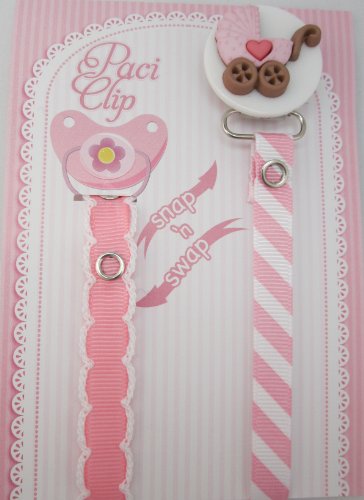 Ribbon Pacifier Clip, attaches to all Pacifier, Mam adopters available;Rust Free Clip, Never loose a Pacifier again, save your childs clip from Germs and dirt;2 Matching adorable interchangeable ribbons, wash 'em, snap 'em, swap 'em;Never Leave your child un-attended or placed to sleep while wearing clip, buyer assumes full responsibility;Quickley fastens to baby's clothing, for all ages, Smart Design enables one hand use
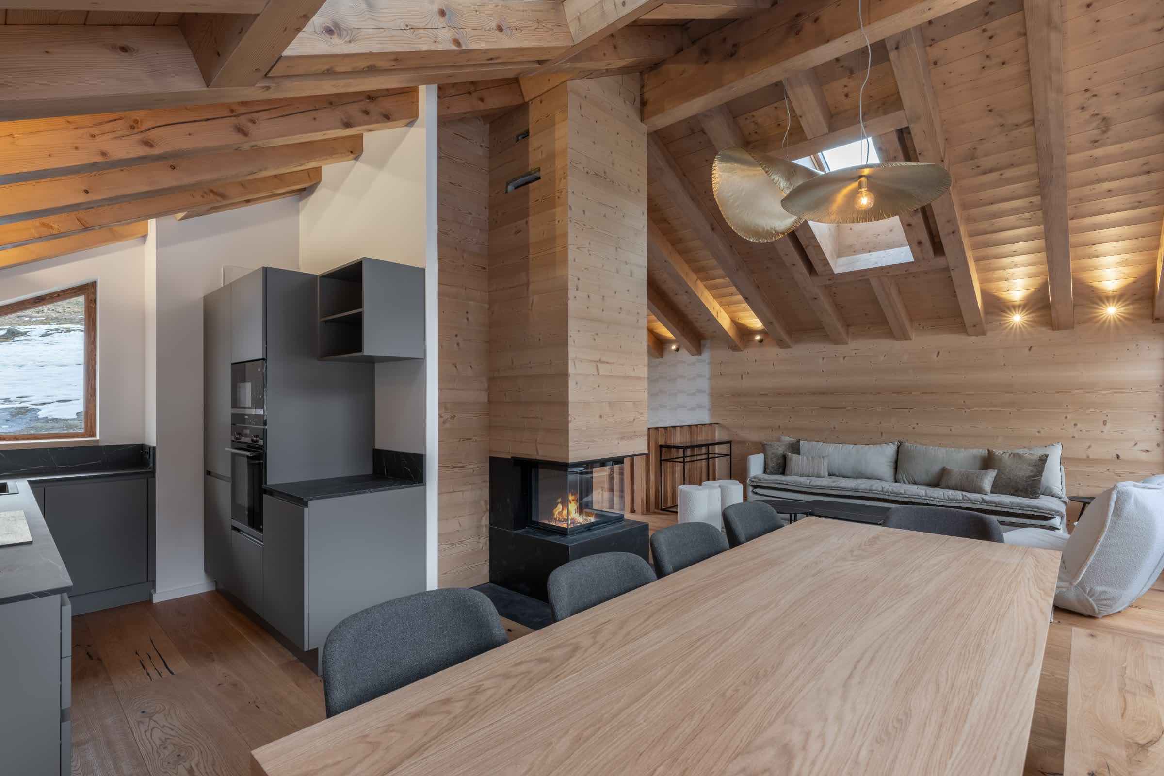 Nestled in the Gittaz district, just minutes from shops and amenities, the residence also benefits from direct access to nature and a peaceful alpine atmosphere. Each chalet includes an electric vehicle to conveniently reach the ski lifts, located only a few hundred metres away.
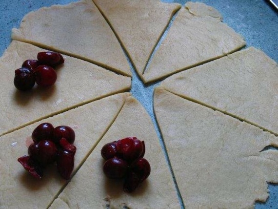 На подготовленной и слегка присыпанной мукой поверхности разложите размороженное слоеное тесто. Раскатайте его и порежьте на равные треугольники, так как это показано на фото. На основание треугольников разложите подготовленные вишни и потяните за края, скручивая тесто и придавая ему форму рогалика. Сформируйте таким образом все круассаны, начинив их вишней.
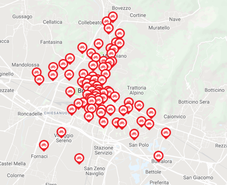 Ecco la mappa dei nuovi punti bici: a Fornaci, all’altezza dell’ingresso nord del quartiere, a Folzano, all’altezza della fermata dell’autobus vicino alla nuova piazza, a Buffalora, nel piazzale della chiesa, a Fiumicello, nei giardini di Via Franzinetti/Mercantini e a Primo Maggio, all’altezza dell’area verde presso la chiesa. Altre due nuove postazioni si trovano invece in via Scuole, all’altezza della caserma dei Vigili del Fuoco, e in via Sostegno, in corrispondenza del lato sud della Stazione FS.
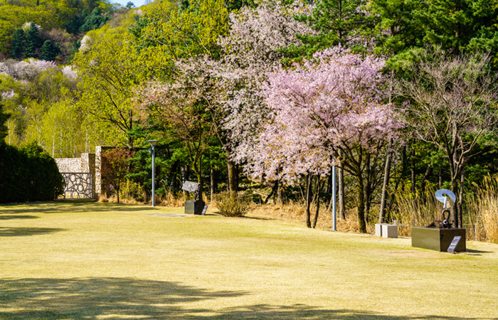 조각정원은 잔디밭 위에 세계적인 예술가들의 조각 작품이 전시된 공간입니다.
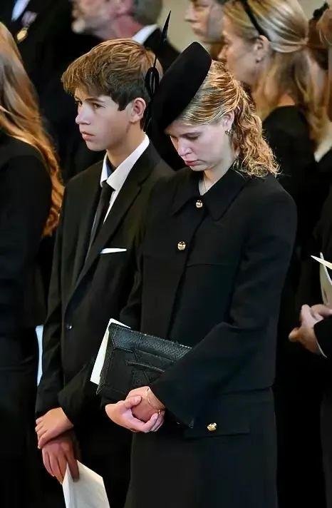 詹姆斯的姐姐是路易丝女爵,也就是路易丝·温莎,在这场葬礼上,爱德华和苏菲的一双儿女,表现都非常出彩,尤其是14岁的詹姆斯,虽然年纪小,但从拍到的照片中看,一举一动已经很成熟了,詹姆斯低头时的照片和威廉王子15岁时非常像。
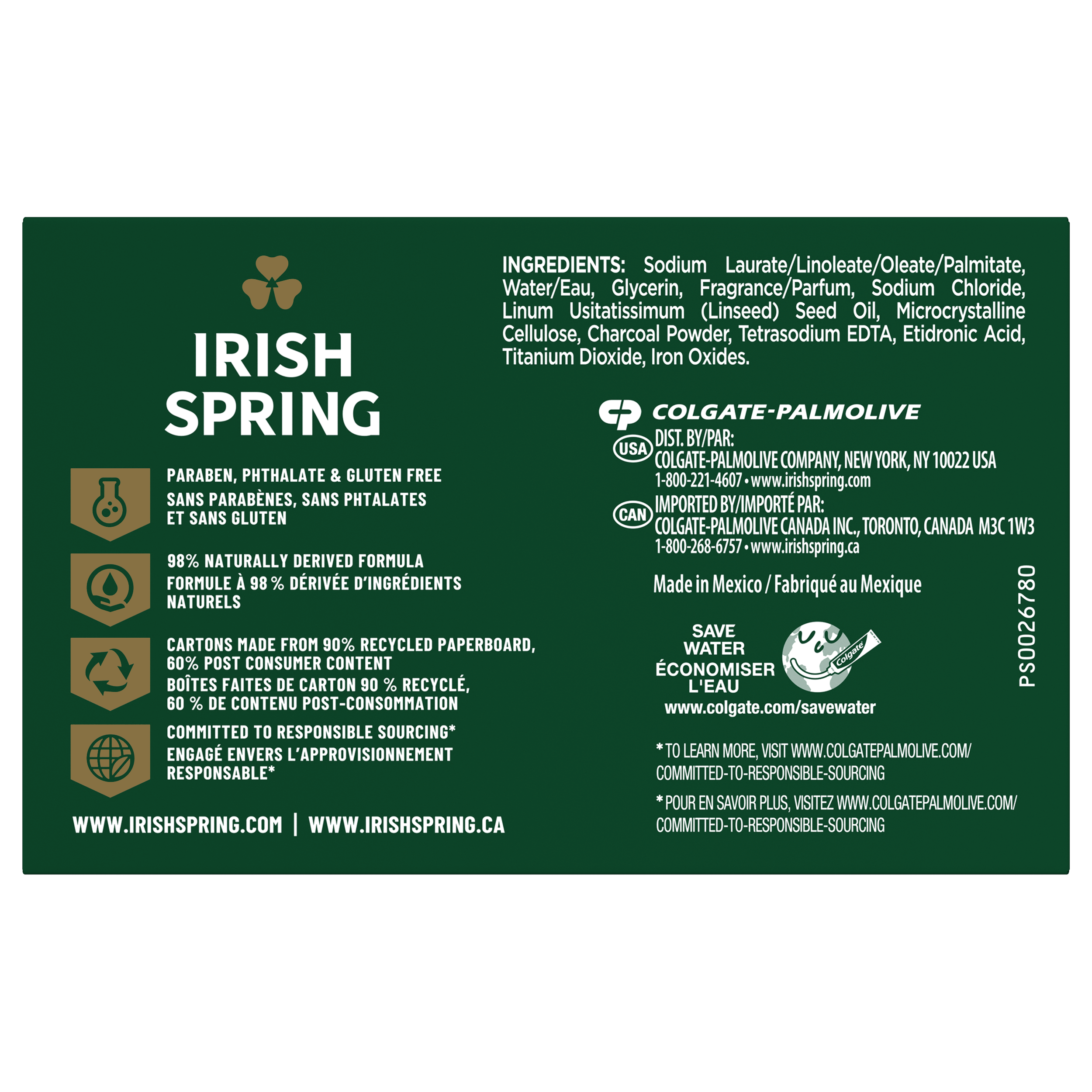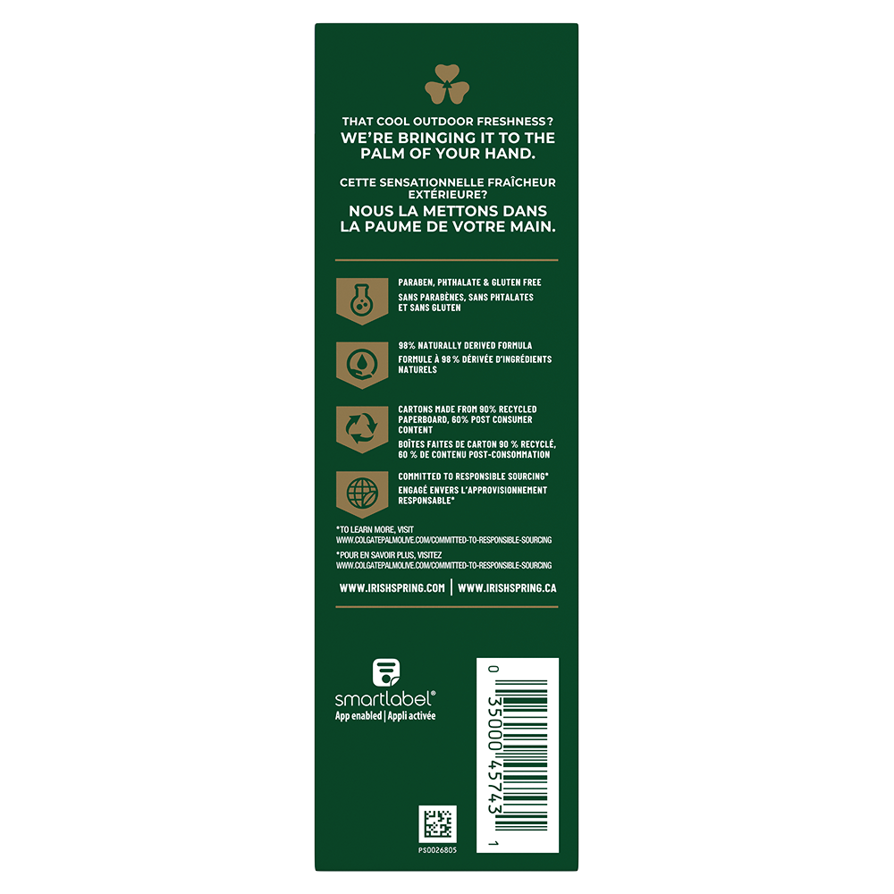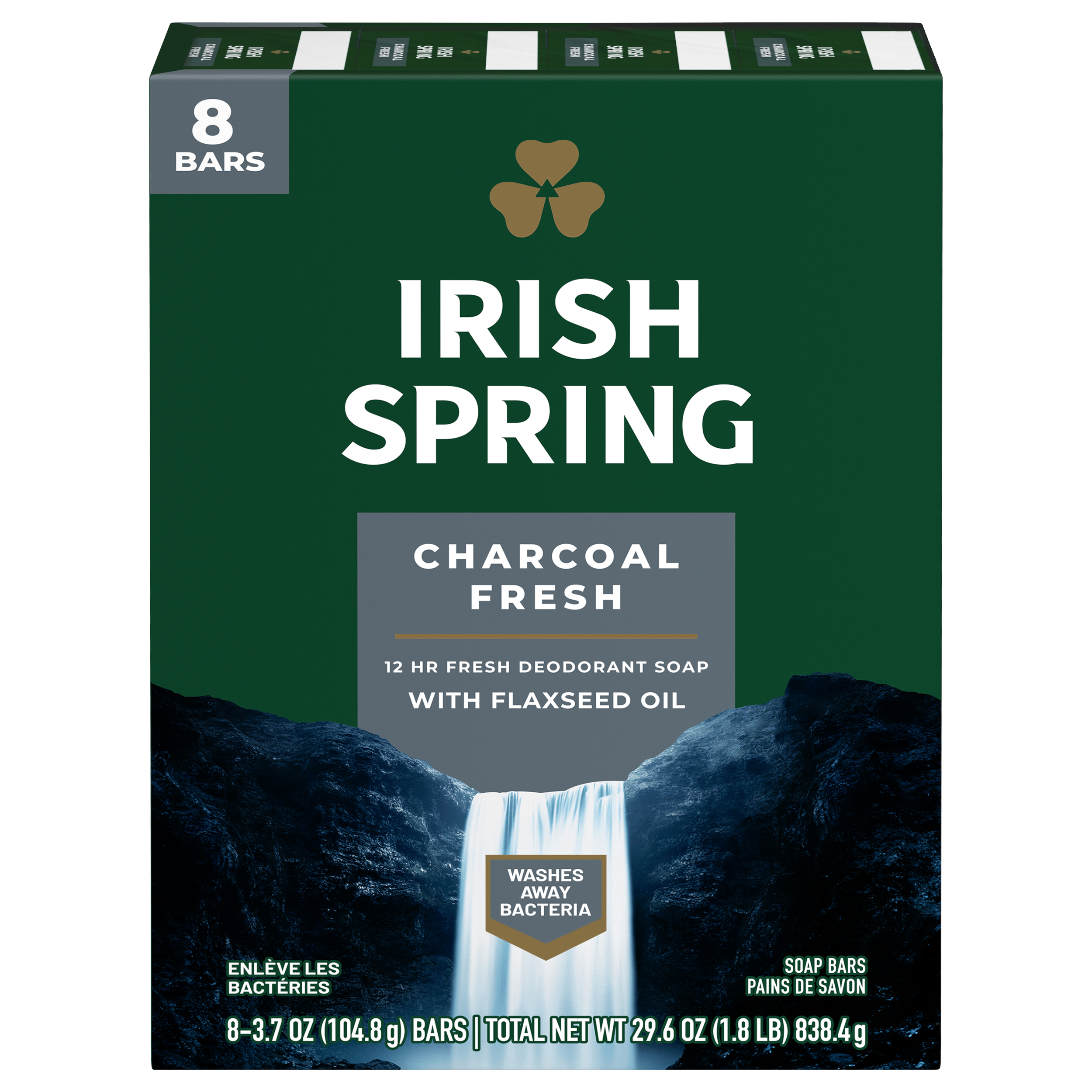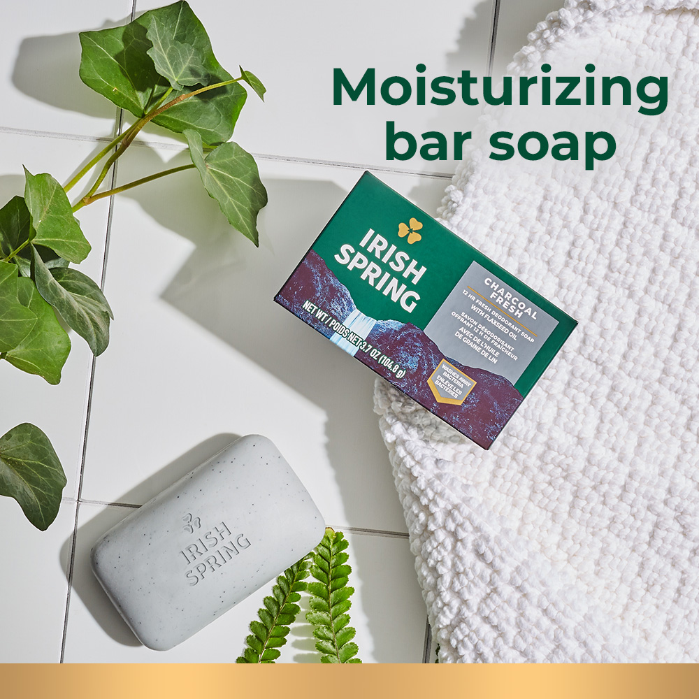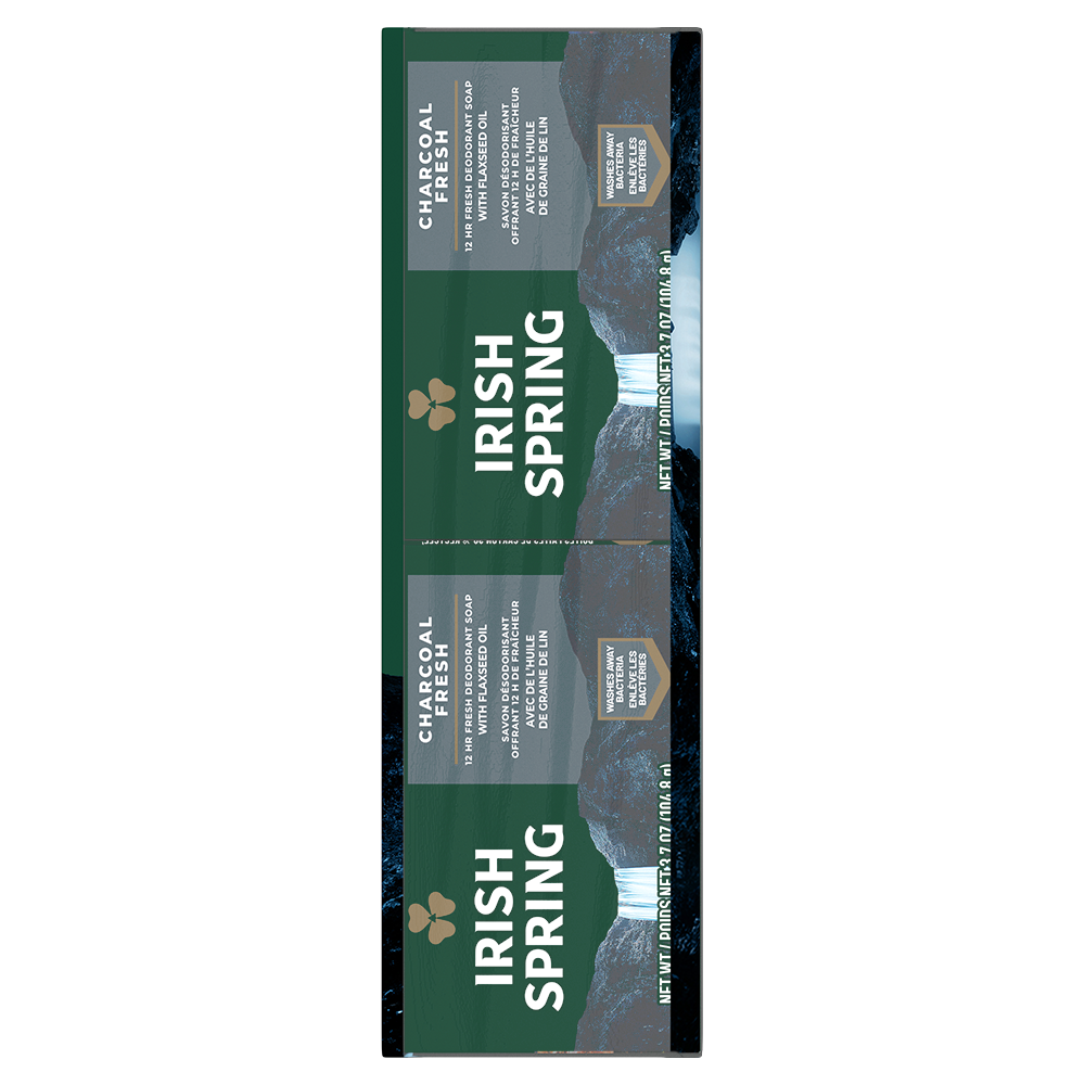 SKU US05031A Case - GTIN 10035000457438 Product Category Personal Care Product Sub Category Bar Soap Product Equity (Brand) Irish Spring Product Sub Brand Irish Spring BS Product Title Irish Spring Charcoal Fresh Deodorant Bar Soap for Men, 3.7 oz, 8 Pack Product Description Smell like you came from a nice-smelling place with Irish Spring Bar Soap. The Irish Spring bar soap carton might have a new design and name, but it’s still the same great bar soap you love to smell. Count on Irish Spring Charcoal Fresh Deodorant Bar Soap, formerly our Charcoal bar soap, to leave your skin feeling clean — our bar soap for men is made with a 98% naturally derived formula that keeps you fresh for 12 hours. Plus, this men’s bar soap is mild for skin and paraben, phthalate and gluten free. This bar soap also has flaxseed oil. Feel good while washing your body with Irish Spring and use Irish Spring Charcoal Fresh Bar Soap as a hand soap, too — this charcoal bar soap has a sudsy lather that washes away bacteria. Get as fresh as the great outdoors and add some adventure to your everyday with Irish Spring’s whole line of body washes and bar soaps for men. Never go without smelling your best and stock up on the conveniently packaged Irish Spring bar soap packs. Keep some in your bathroom, in the pantry, give some to your friends and keep the good smells going. Feel clean, smell serene with the new Irish Spring. Bullet 1 Irish Spring Charcoal Fresh Bar Soap, 8 Pack Bullet 2 Irish Spring Charcoal Fresh bar soap pack has a fresh look and the same great smell Bullet 3 Has flaxseed oil Bullet 4 This bar soap for men is mild for skin, so you can feel as great as you smell Bullet 5 98% naturally derived formula that’s paraben, phthalate and gluten free Bullet 6 This men’s bar soap has a sudsy lather that washes away bacteria and can be used as a hand soap Bullet 7 Recyclable carton Walmart RPC 787115404 Walmart URL (Computed) https://www.walmart.com/ip/a/787115404
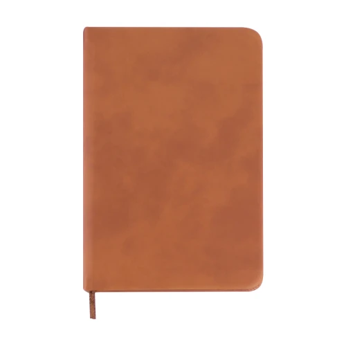 Libreta tamaño A6, con cubierta de cartón piedra forrada en PU simil cuero de 3mm de espesor. Interior 80 hojas lineadas amarillas de 80gsm. Incluye banda separador de hojas al tono. Presentación individual en bolsa de polipropileno.
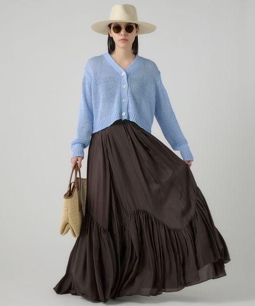 น่ารักในทุกๆ ด้าน! เส้นด้ายยืนเป็นผ้าไหมออร์แกนซ่า และเส้นด้ายพุ่งเป็นผ้าลินินแบบมีปุ่ม ทำให้เกิดลายปุ่มแนวนอนของผ้าออร์แกนซ่า พื้นผิวของเสื้อตัวนี้จึงดูมีเอกลักษณ์เฉพาะตัว
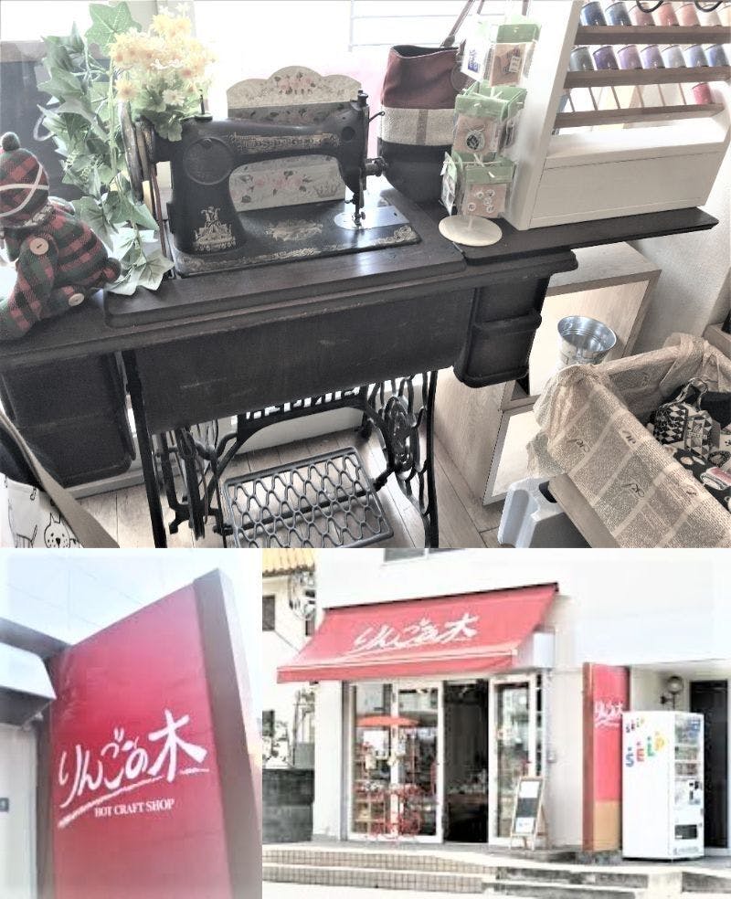 作業所の1Fは他の作業所の商品も含む直売店舗になっています。アンティークのミシンを使ったおしゃれなお店作りです。

____

Task statement → Both boundary lines included, write out word for word only the lines above from the one containing "조각정원은 잔디밭 위에 세계적인 예술가들의 조각 작품이 전시된 공간입니다." to the one containing "詹姆斯的姐姐是路易丝女爵,也", leaving out any pictures.

Response →
 조각정원은 잔디밭 위에 세계적인 예술가들의 조각 작품이 전시된 공간입니다.
 詹姆斯的姐姐是路易丝女爵,也就是路易丝·温莎,在这场葬礼上,爱德华和苏菲的一双儿女,表现都非常出彩,尤其是14岁的詹姆斯,虽然年纪小,但从拍到的照片中看,一举一动已经很成熟了,詹姆斯低头时的照片和威廉王子15岁时非常像。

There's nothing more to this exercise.